» WHAT YOU WILL DO
Your answer must be the lines from the first record through the line that contains "woman wearing arm", copied exactly and without any pictures.

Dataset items
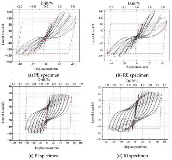 The hysteresis curve, depicting the correlation between lateral load and displacement of the specimen under reversed cyclic loading, plays a crucial role in evaluating the seismic performance of structures. Additionally, it serves as the foundation for determining the restoring force model and conducting nonlinear seismic response analysis. Therefore, the hysteresis curves recorded for the four specimens are collected and plotted in Figure 10.
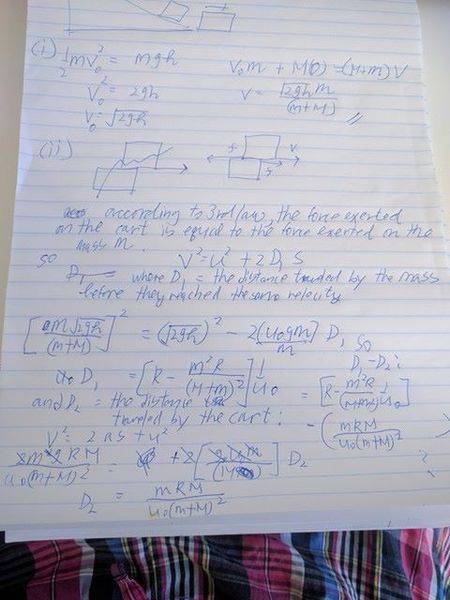 (ii) Determine how far the mass m slides along the surface of the cart before stopping on it. State explicitly any relevant laws or principles and any relevant approximations.
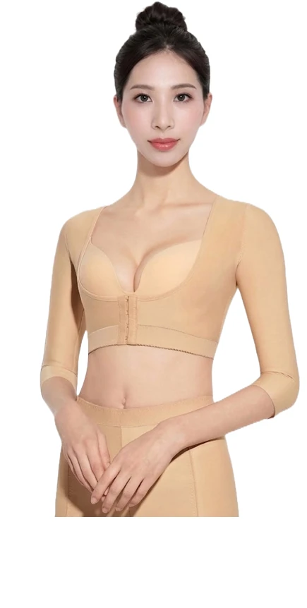 woman wearing arm compression garment after liposuction, clean background
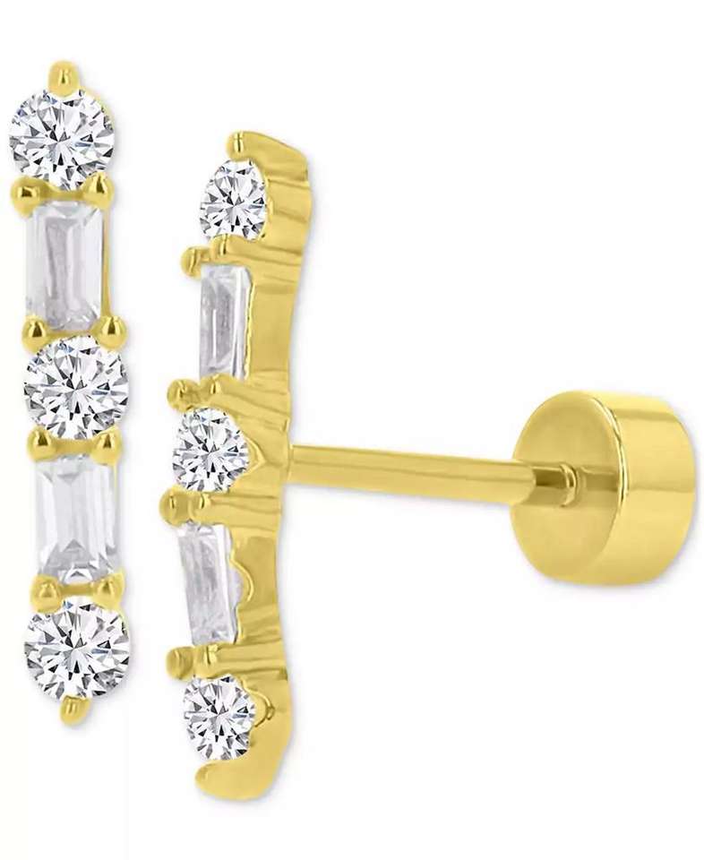 Orecchini misti con barra di zirconi cubici (5/8 ct. T. w.) in argento Sterling placcato oro 14k | Macacy's
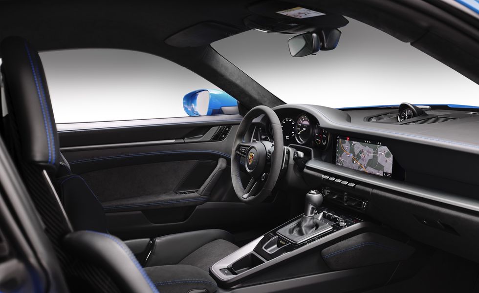 Its low weight of just 1,435 kg is achieved with a myriad lightweight components. This is includes a carbon-fiber hood, roof and rear wing, along with other items such as a super lightweight battery, lighter wheels, ultra-thin glass, carbon-fiber cross members, and lightweight interior appointments. Essentially, the 992 GT3 has achieved the same weight as its predecessor, but is loaded with a lot more technology.
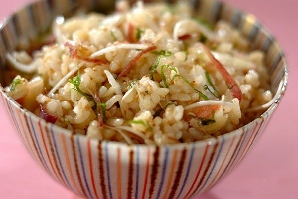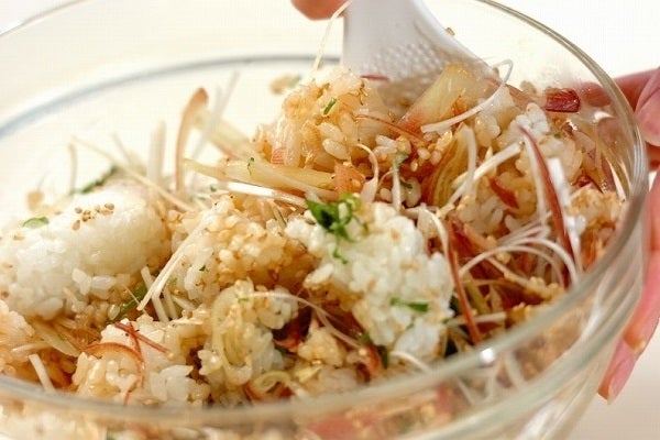 そこに6月から10月が旬のミョウガを加えて作る「薬味たっぷりの混ぜご飯」は、薬味がたくさん入ったさっぱり味の混ぜご飯です。
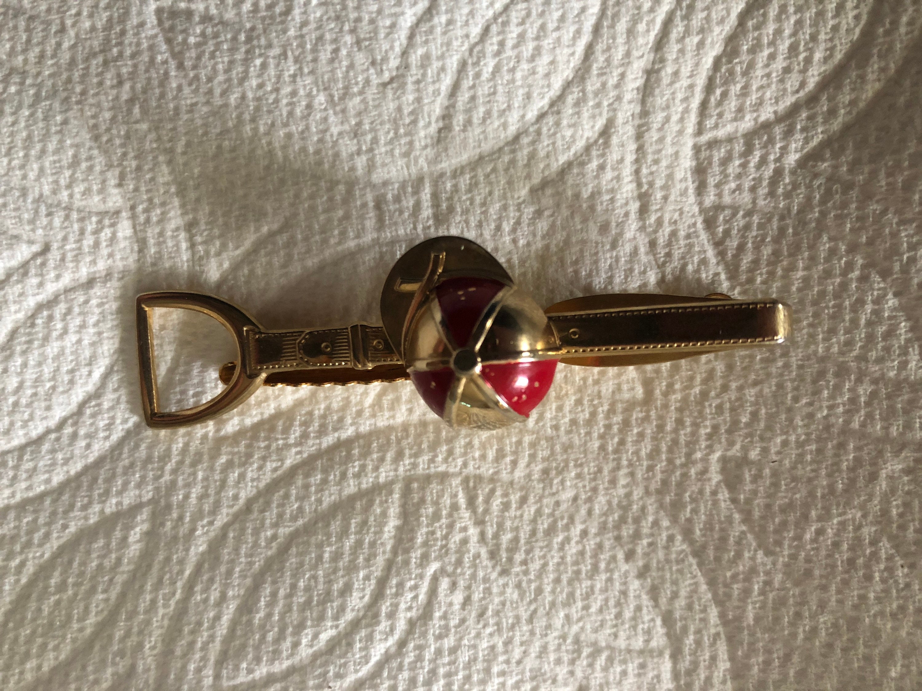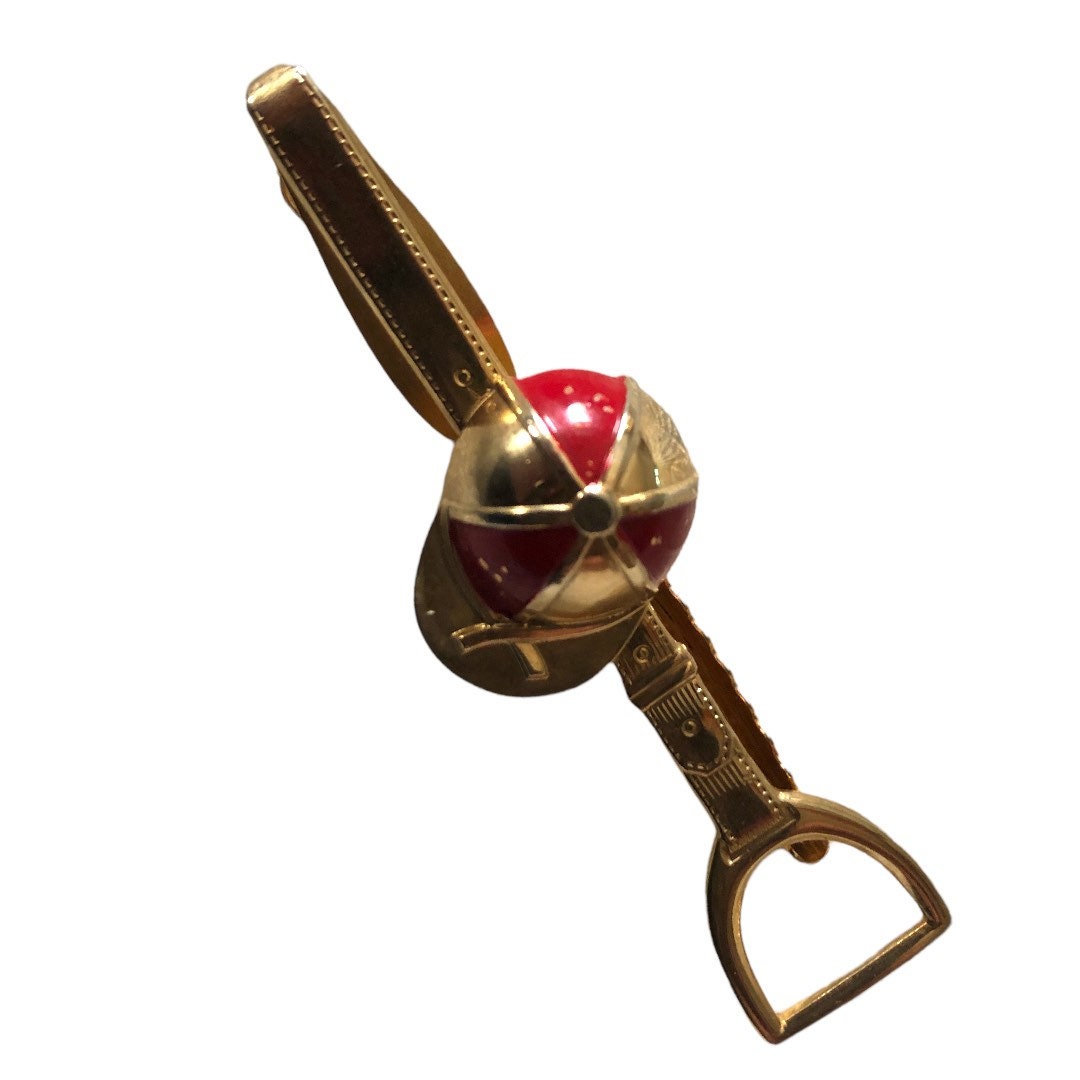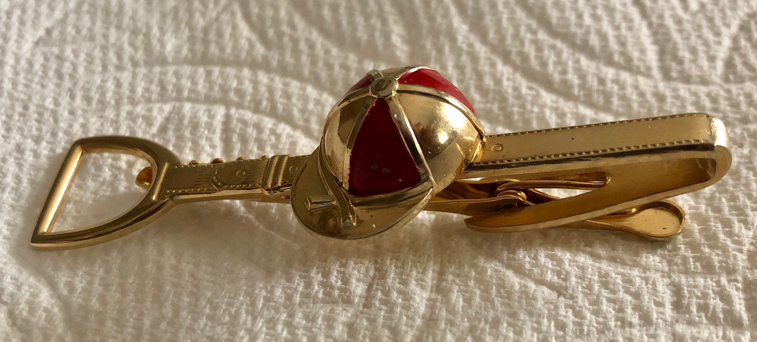 This is a vintage derby hat tie clip in red and gold. The derby cap sits on the strap and stirrup of the saddle. It is marked Hickok. Measures 2.75" wide. Very good condition. It comes in a gift box too!

» YOUR SOLUTION
 The hysteresis curve, depicting the correlation between lateral load and displacement of the specimen under reversed cyclic loading, plays a crucial role in evaluating the seismic performance of structures. Additionally, it serves as the foundation for determining the restoring force model and conducting nonlinear seismic response analysis. Therefore, the hysteresis curves recorded for the four specimens are collected and plotted in Figure 10.
 (ii) Determine how far the mass m slides along the surface of the cart before stopping on it. State explicitly any relevant laws or principles and any relevant approximations.
 woman wearing arm compression garment after liposuction, clean background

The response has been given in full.